Mr. Biden imposed sanctions on Russia for its Ukraine invasion, but mostly declined to back them with secondary sanctions. “If we had a full-blanket secondary sanctions on Russia today, allies would have to choose,” the director for countering Iranian weapons of mass destruction at Mr. Trump’s national security council, Richard Goldberg, told the Sun.

Without such a choice — telling entities that if they do business with Moscow they’re going to be denied access to American currency —  sanction enforcement weakens significantly. America’s sanctions regimes therefore depend largely on the mighty dollar’s longevity as the world currency. 

The dollar’s primacy was established in the 1944 Bretton Woods agreement with Canada, most of Western Europe, Australia, and Japan.
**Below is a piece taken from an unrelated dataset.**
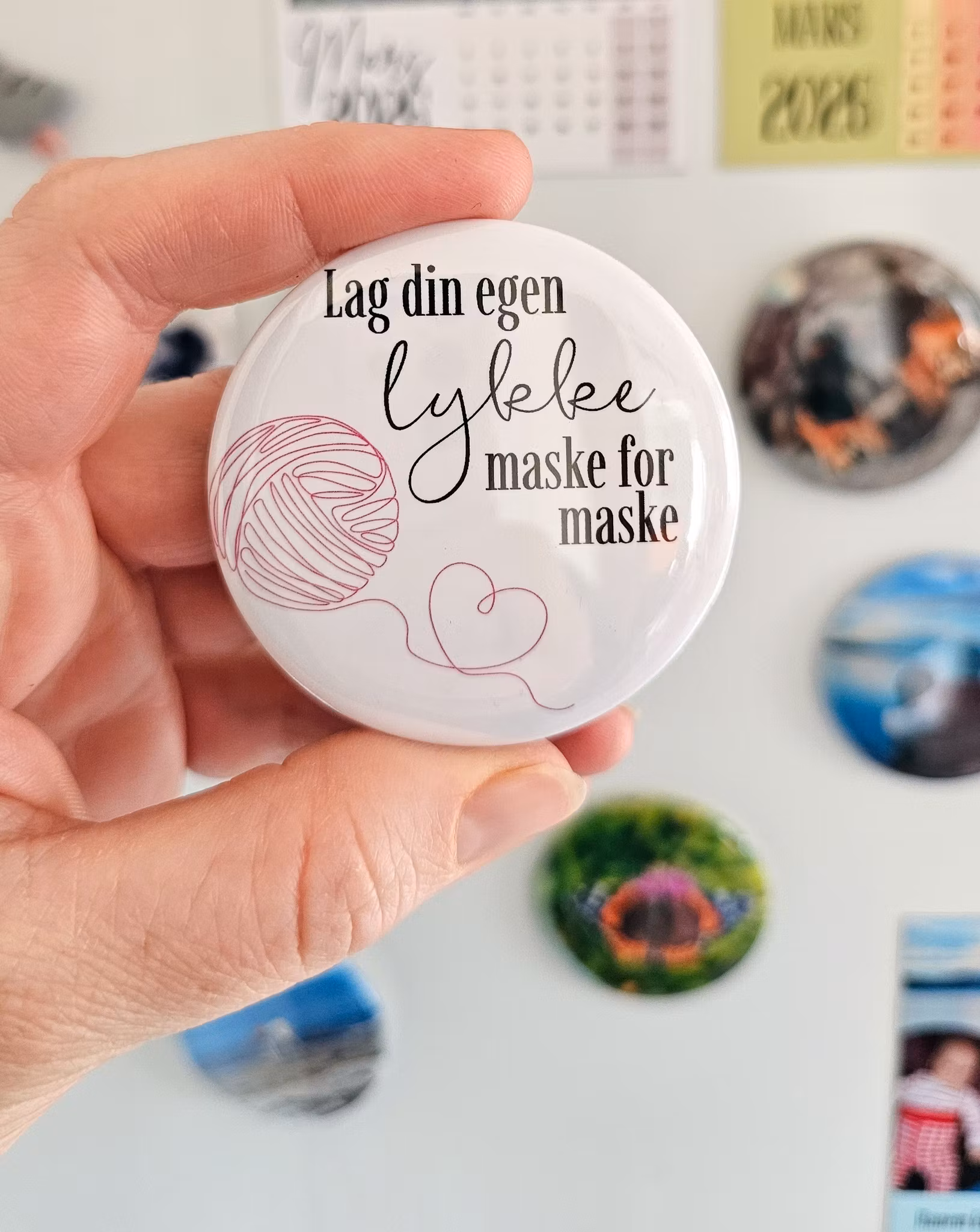 Buttonsmagneter med ferdig design fra HappyButtons. Motivet er trykket på glansfullt fotopapir av høy kvalitet, som gir klare og fine farger. Du kan feste de på alle metalliske overflater, som for eksempel kjøleskap, mikro, oppvaskmaskin, eller brødrister. Perfekt som pynt eller liten gave!

It was further bolstered by a pact America made with Saudi Arabia in the aftermath of World War II, which turned the U.S. denomination into the common currency of energy markets.   

Early in his presidency, though, Mr. Biden moved to isolate Riyadh and centered his “human rights-based” foreign policy in it. As a result, the Saudis now are rethinking their global alliances. 
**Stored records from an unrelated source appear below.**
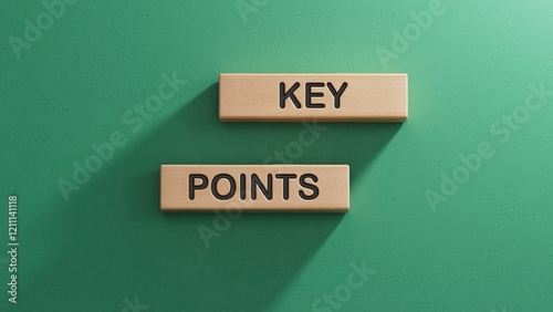 Key points symbol. Wooden blocks with words Key points.Business and Key points concept. Copy space.3D rendering on green background.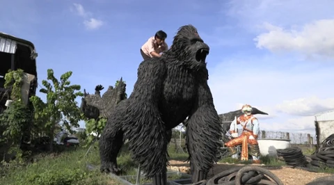 Artysta z Kambodży zbudował King Konga ze starych opon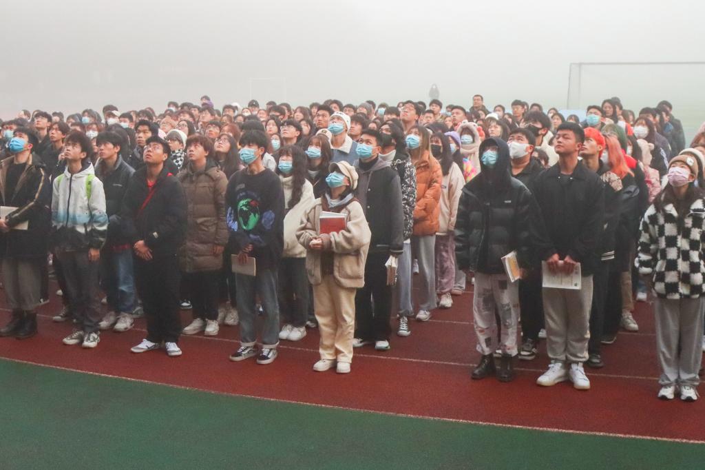 在各年级辅导员的组织下,同学们面向主席台有序排好队列,伴随着《义勇军进行曲》的响起,五星红旗徐徐展开,全体师生庄重地注目着冉冉升起的五星红旗,高唱国歌。

In mid-December Mr. Xi visited the kingdom, where he met leaders of the top energy-producing member countries of the Saudi-led Gulf Cooperation Council. Mr. Xi attempted to impress on them the benefits of getting paid in yuan as they sell their wares to China, the world’s top energy importer. 

Move over, petrodollars, some observers of Mr. Xi’s trip said. The ambitious Beijing leader’s talks in Riyadh marked “the birth of the petroyuan,” a Credit Suisse analyst, Zoltan Pozsar, was quoted as saying by the Soufan Center.

In an IntelBrief, the Soufan Center noted that three sanctioned countries that account for roughly 35 percent of the world’s proven oil reserves, Russia, Iran, and Venezuela, already sell oil to China at a discount — and in yuan.

Would the Chinese currency, then, end the dollar’s global dominance anytime soon and significantly harm America’s ability to level painful sanctions on its enemies? 

“That’s a pipe dream,” Mr. Goldberg says. Even with China’s rise, the emergence of cryptocurrency, inflationary pressures, and other economic setbacks, once dollar-based transactions are threatened, he says, “you’re always going to choose the U.S.”

The Constitution and a strong rule-based system project America as a more dependable guarantor of financial stability, whereas much of what happens in Communist China depends on the whim of a ruler: Two years of Mr. Xi’s “zero Covid” policies have forced many yuan enthusiasts to flee back to the dollar. 

Yet, China is the world’s second-largest economy, and Mr. Xi is intent on surpassing America. At the same time, as Americans shy from projecting military might, sanctions dominate the national security toolbox even while Washington’s shrinking defense budgets fail to compete with Beijing’s. 

“Over-reliance on sanctions is unsustainable,” Mr. Goldberg says. “Viewing sanctions as the end state of policy and not one tool in a broad strategy is problematic. The right balance is maximalist sanctions and maximum deterrence.”